Task description. Find the line containing "legs, painted boots." in the entries below. Restate it and each line after it, word for word, up to and including the line containing "Пижама новогодняя женская".

Records.
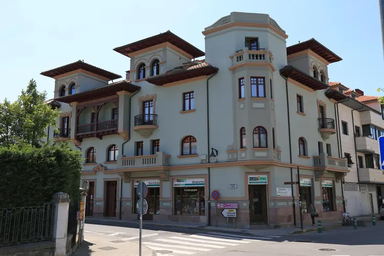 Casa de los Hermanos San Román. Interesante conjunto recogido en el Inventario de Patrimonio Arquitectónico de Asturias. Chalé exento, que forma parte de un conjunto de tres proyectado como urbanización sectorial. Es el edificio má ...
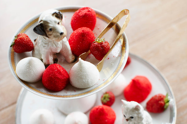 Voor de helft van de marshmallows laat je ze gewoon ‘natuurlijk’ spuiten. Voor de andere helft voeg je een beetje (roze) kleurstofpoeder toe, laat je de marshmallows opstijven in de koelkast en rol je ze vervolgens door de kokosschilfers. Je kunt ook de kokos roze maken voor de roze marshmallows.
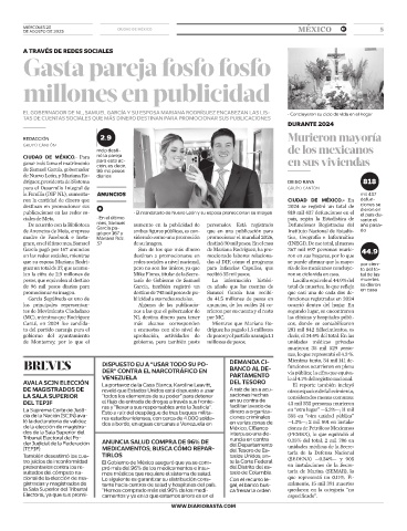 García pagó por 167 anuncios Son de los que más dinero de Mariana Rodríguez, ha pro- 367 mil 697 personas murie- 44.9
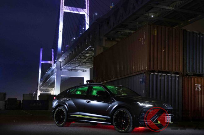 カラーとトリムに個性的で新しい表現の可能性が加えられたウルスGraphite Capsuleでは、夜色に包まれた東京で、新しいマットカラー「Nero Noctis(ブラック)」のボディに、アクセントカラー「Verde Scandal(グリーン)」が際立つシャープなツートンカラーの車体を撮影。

==

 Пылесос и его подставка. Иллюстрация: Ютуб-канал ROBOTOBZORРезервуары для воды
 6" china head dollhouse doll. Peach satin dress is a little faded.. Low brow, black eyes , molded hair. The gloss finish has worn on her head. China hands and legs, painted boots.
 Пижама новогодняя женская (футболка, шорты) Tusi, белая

...

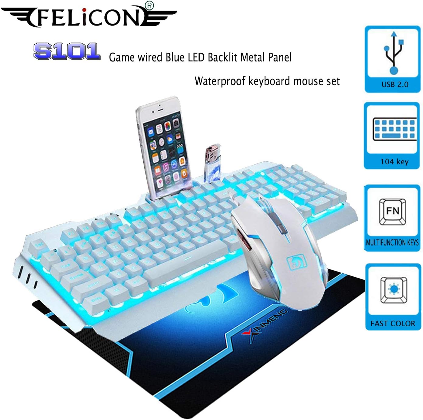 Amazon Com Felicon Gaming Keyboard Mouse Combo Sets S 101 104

Task output.
 6" china head dollhouse doll. Peach satin dress is a little faded.. Low brow, black eyes , molded hair. The gloss finish has worn on her head. China hands and legs, painted boots.
 Пижама новогодняя женская (футболка, шорты) Tusi, белая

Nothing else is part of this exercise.